Phishing has been one of the most popular threat vectors for malicious hackers. This type of attack is often carried out through email and allows to execute malicious programs, steal personal information, or lure people into giving money.
Unfortunately, phishing incidents only intensify, with employees being one of the most vulnerable entry points for attackers. Even though the IT department can implement advanced security solutions to protect equipment from malware, how can we protect workers from falling victim to phishing?
To discuss this and similar questions, we talked with David Wreski, founder and CEO of Guardian Digital, who explains how his business started, threats likely to be seen in 2022, and why he believes the pandemic has made the importance of email security much greater.
What was your main driving factor for starting Guardian Digital?
Internet security and open-source were in their infancy. It was necessary to be able to build protection from new cyber threats quickly and cost-effectively. The Open-source model allowed me to do that more effectively than the commercial offerings we were using at UPS.
Guardian Digital offers open-source protection solutions. Can you tell us more about the philosophy behind the open-source approach?
We believe the “many eyes” approach to developing software produces a more secure and effective product. At Guardian Digital, we pride ourselves on our commitment to building a community where small businesses are given the tools and resources to evolve and improve productivity. We remain dedicated to nurturing creativity and the open course development community.
What are some of the types of email threats that are widely prominent today?
Over the past year, we saw an increase of ransomware attacks by nearly 20% compared to 2020, and phishing is the most common type of attack users are exposed to.
How did the pandemic affect the email security landscape? Did you add any new features as a result?
The pandemic has made the importance of email security much greater. Many businesses transitioned to a work-from-home style, and employees began letting their guard down. There wasn’t an IT team down the hall to secure networks, many businesses struggled, and unfortunately, had to close. We've also increased responses to businesses facing a whole series of new types of attacks by cyber thieves capitalizing on the increased urgency, disinformation, and uncertainty surrounding the pandemic.
What technologies do you think pose significant security risks but are still widely used by the public every day?
Public Wi-Fi usage is still an ongoing issue, as well as the lack of employee training. Companies should be providing their staff with the knowledge to spot a suspicious email before interacting with it, and using public Wi-Fi doesn’t protect against hackers eager to steal your private information.
Which cyber security threats do you think are going to arise in 2022?

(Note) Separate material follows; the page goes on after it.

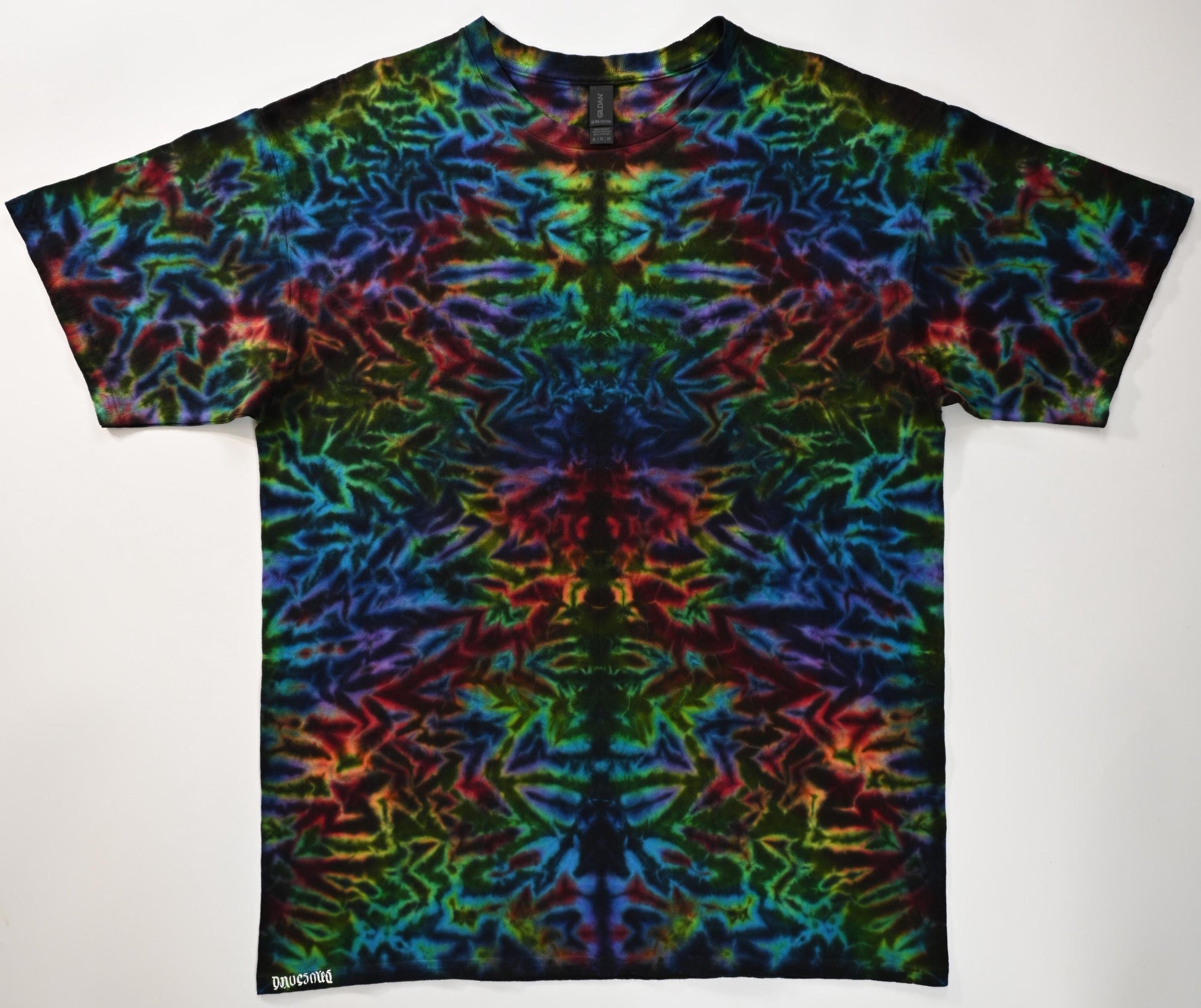 XL Blacked Out Rainbow Rorschach Scrunch Tie Dye on a Gildan Ultra Cotton PFD (Prepared for Dye) T-Shirt that was dyed using the "Pariah Method": The item was not presoaked in Soda Ash solution. The Procion Dyes were applied to the tied-up shirt and then a strong soda ash solution was applied after the dye was applied. It was then "batched" as normal for 48 hours before washout. This one has a glow in the dark HTV Dave's Dyes ambigram logo ironed on to the bottom hem. Feel free to ask me any questions you may have. Wash with like colors in cold water for first few washes

When it comes to cyber threats, it’s more of a question of “when will an attack occur” as opposed to “if.” I expect to see the trend of malware and ransomware attacks continuing, as cyber thieves figure out other ways to monetize online crime. Small businesses should learn how to prepare for the future of email cyber attacks, including the cyberwar between several nations, misinformation concerning US elections, cryptocurrency, and as more businesses transition to remote work.
Additionally, could you share some tips on how to protect against them?
I cannot stress this enough: users need to think before they click. Don’t interact with an email that seems suspicious because there is usually a reason for that. For example, Honeytokens are great tools that prevent supply chain attacks.
Additionally, since Deepfake works by convincing you the source is reliable, it's essential to confirm that the source is legitimate before transferring any funds.
In your opinion, why do companies as well as individual users tend to overlook email security?
I think, like with most things in life, people don’t think they can be a victim, and that they’re excluded from the potential threat of phishing, malware, ransomware, etc. With the number of companies that have been personally affected by cyberattacks, it should go without saying that it is better to be safe than sorry, and it pays to be prepared.
What’s next for Guardian Digital?
Moving forward, Guardian Digital will continue to watch for new threats and develop new technologies that can better identify these threats, including machine learning and artificial intelligence capabilities.